I am aware that the
following blog entry has a rather fractured nature but I have not edited that
as I feel it provides a literal example of my thought patterns when combatting
the tiredness that living with ataxia brings. Ataxia does not affect mental
capacity and it is often the case that I want to do more but my body either
can’t or won’t do what it’s told. Some
days it’s only willpower that gets me through.
Use the force!!
If anyone follows my blog (:-D), you might’ve noticed that I
did not publish an entry last week and there is a very simple reason for this =
I didn’t write one!!
I didn’t write one due to a sudden and severe attack of
Inertia.
Inertia is defined as the resistance of any
physical object to any change in its state of motion; this includes changes to
its speed, direction or state of rest. It is the tendency of objects to keep
moving in a straight line at constant velocity. The principle of inertia is one
of the fundamental principles of classical physics that are used to describe
the motion of objects and how they are affected by applied forces. Inertia
comes from the Latin word, iners, meaning idle (shut up), sluggish.

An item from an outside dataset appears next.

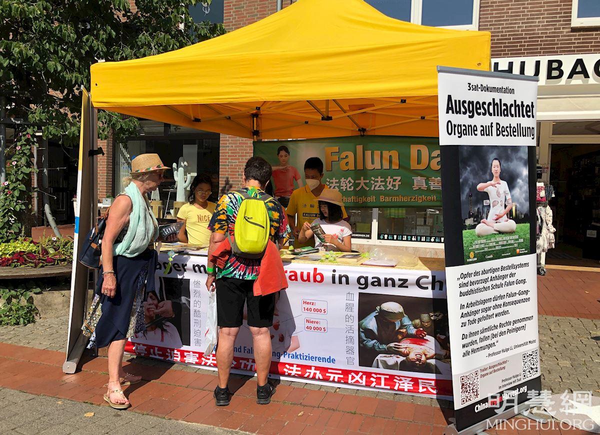 索尔陶(Soltau)位于北部汉诺威和汉堡之间,是一座只有两万人口的城市。七月二十四日,法轮功学员来到市中心步行街集市大街(Marktstraße)举办信息日活动。当天时逢集日,很多人都看到法轮功学员的活动。

In mathematical terms Inertia is:
Physical object + Change = Resistance
In relation to me:
Myself + Life = Tiredness
Simply put I did not write a blog entry last week as I was so tired I
didn’t want to move for two days!
In fact, having just reread the bizarre rambling nature
that is the beginning of this entry I think I might still be affected! (Oh
no! Are all my blog entries this bad?
Perhaps that’s why I have no google followers!!).

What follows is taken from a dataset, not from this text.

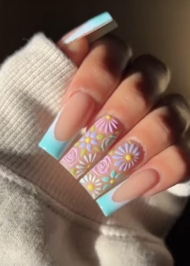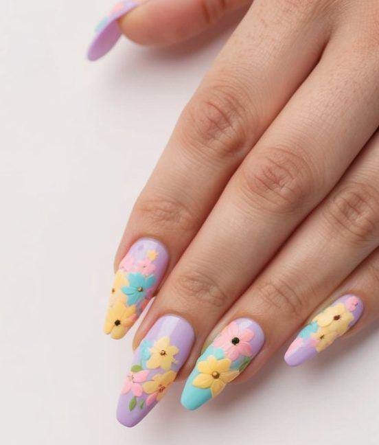 A mix of baby blue, lilac, and pink nails paired with raised pastel floral accents creates a playful spring garden feel. The look is fun, textured, and slightly bold while staying pastel.

(If my neighbours don’t turn down their music, I might be
forced to do something I later regret!! Seriously every day at 11.30am??!!
-insert copious expletives here-)
Some people (mentioning no names!) might feel that the
obsessive planning and strict routines I employ daily are just because I am in
a rut that my ataxia prevents me from climbing out of.
1. Correct but as mentioned in a previous blog entry, my rut is a nice, happy
place that I like being in and
2. My routines are a necessary health protection technique.
My self-created rules, such as NOT planning more than one
social activity per day, are designed for me to limit my energy expenditure and
therefore reduce my needed recovery time following each period of activity in
order for me to move on to the next and maintain a good quality of life.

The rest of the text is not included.